Re: [PATCH V33 24/30] bpf: Restrict bpf when kernel lockdown is in confidentiality mode
From: Andy Lutomirski <luto@kernel.org>
Date: 2019-06-29 23:48:10
Also in:
linux-security-module, lkml, netdev
On Fri, Jun 28, 2019 at 11:47 AM Matthew Garrett [off-list ref] wrote:
On Thu, Jun 27, 2019 at 4:27 PM Andy Lutomirski [off-list ref] wrote:quoted
They're really quite similar in my mind. Certainly some things in the "integrity" category give absolutely trivial control over the kernel (e.g. modules) while others make it quite challenging (ioperm), but the end result is very similar. And quite a few "confidentiality" things genuinely do allow all kernel memory to be read. I agree that finer-grained distinctions could be useful. My concern is that it's a tradeoff, and the other end of the tradeoff is an ABI stability issue. If someone decides down the road that some feature that is currently "integrity" can be split into a narrow "integrity" feature and a "confidentiality" feature then, if the user policy knows about the individual features, there's a risk of breaking people's systems. If we keep the fine-grained control, do we have a clear compatibility story?My preference right now is to retain the fine-grained aspect of things in the internal API, simply because it'll be more annoying to add it back later if we want to.
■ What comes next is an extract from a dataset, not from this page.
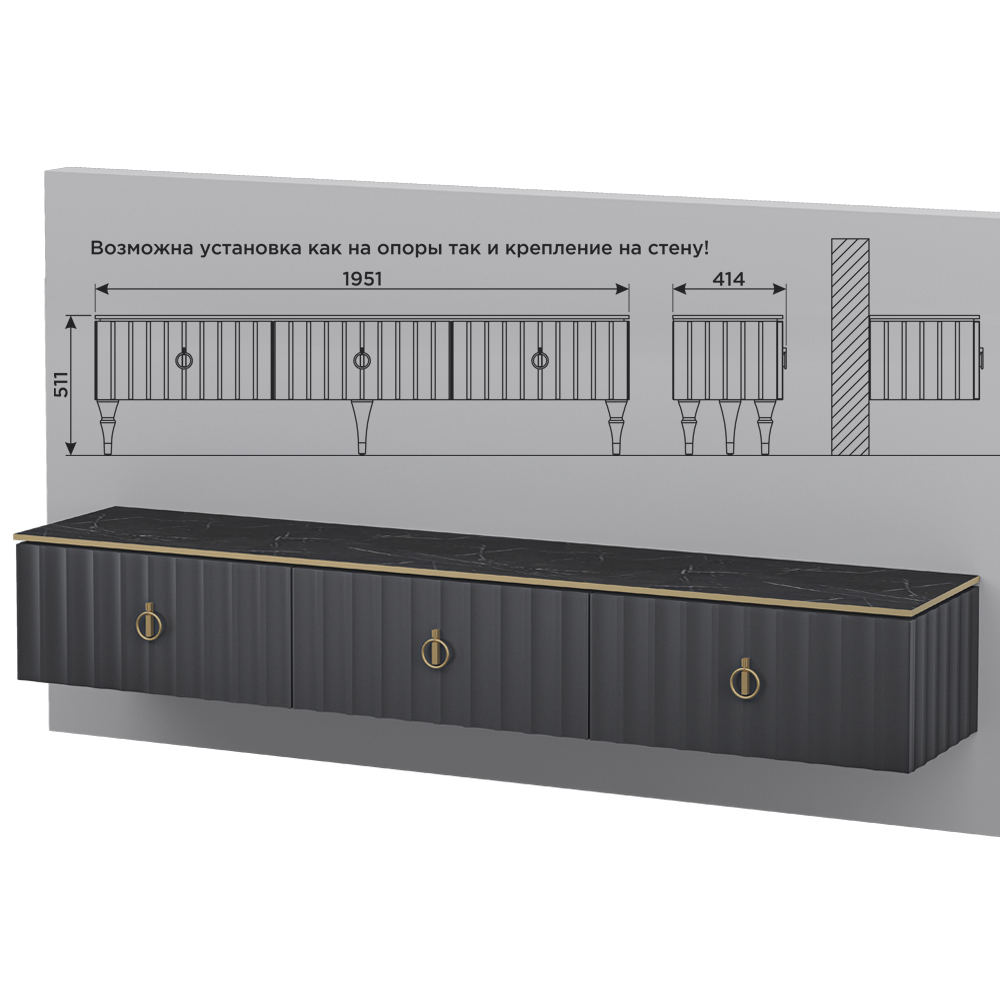 Размер (ШхВхГ): 195х51х40 см. Материал: МДФ покрытый плёнкой, ЛДСП.

I don't want to expose it via the Lockdown user facing API for the reasons you've described, but it's not impossible that another LSM would find a way to do this reasonably. Does it seem reasonable to punt this discussion out to the point where another LSM tries to do something with this information, based on the implementation they're attempting?
I think I can get behind this, as long as it's clear to LSM authors that this list is only a little bit stable. I can certainly see the use for the fine-grained info being available for auditing.